Data provided:
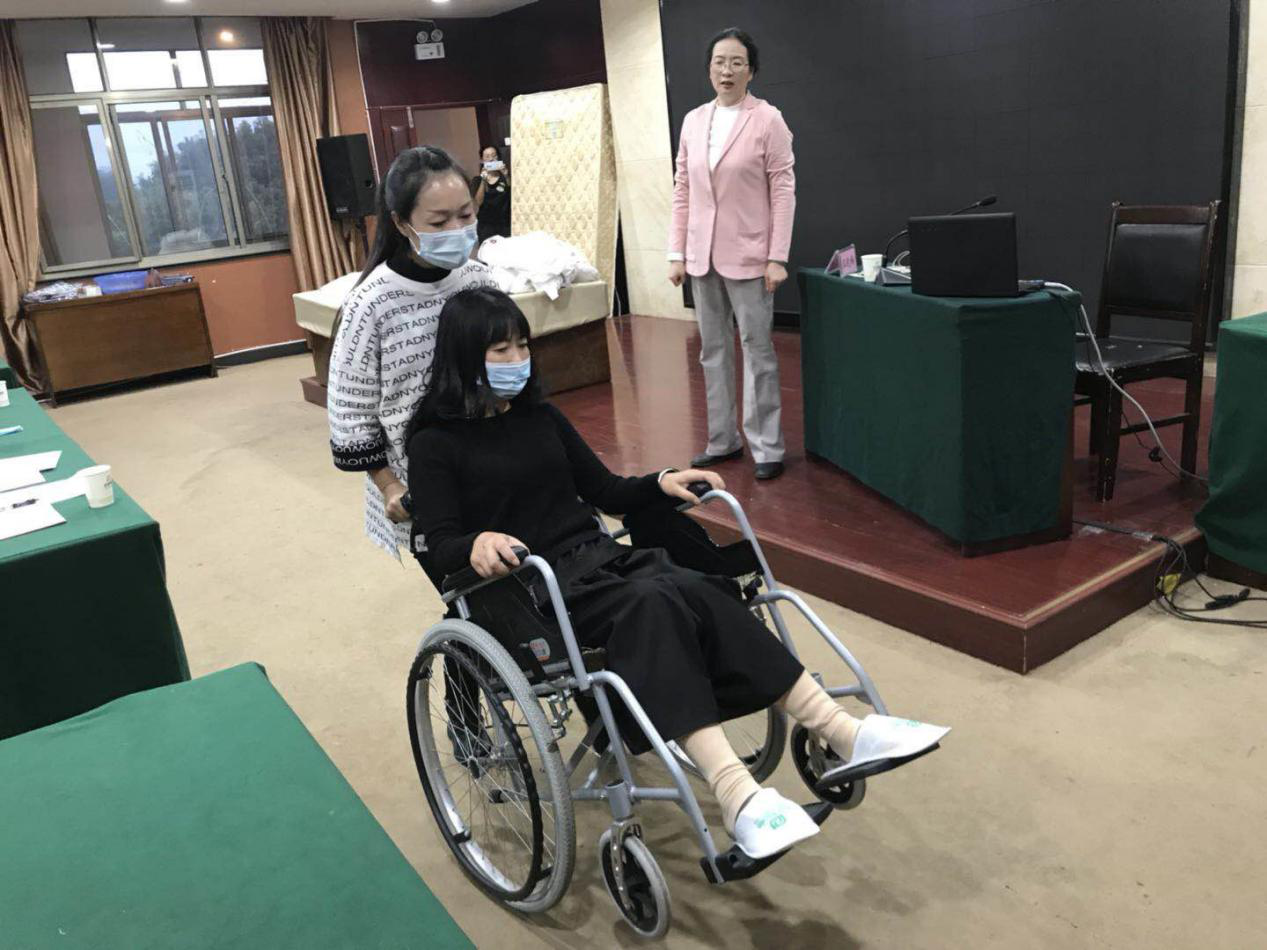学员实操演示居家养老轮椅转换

---

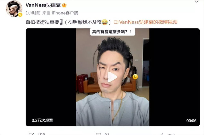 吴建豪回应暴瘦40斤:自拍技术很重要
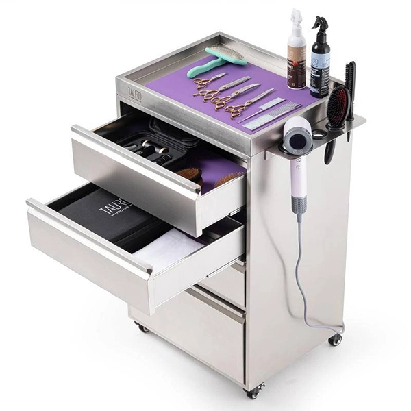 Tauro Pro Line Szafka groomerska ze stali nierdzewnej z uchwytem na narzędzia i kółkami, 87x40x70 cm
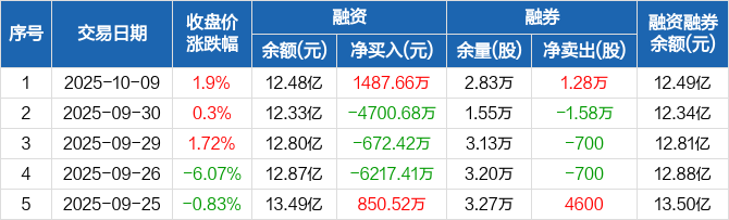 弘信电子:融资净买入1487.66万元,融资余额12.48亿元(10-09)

Exercise: The output is the stretch above from the line with "吴建豪回应暴瘦40斤:自拍技术很重要" through the line with "弘信电子:融资净买入1487.66万元,融资余额12.48亿元(10-09)", copied word for word with both ends kept and every picture dropped.

Exercise response:
 吴建豪回应暴瘦40斤:自拍技术很重要
 Tauro Pro Line Szafka groomerska ze stali nierdzewnej z uchwytem na narzędzia i kółkami, 87x40x70 cm
 弘信电子:融资净买入1487.66万元,融资余额12.48亿元(10-09)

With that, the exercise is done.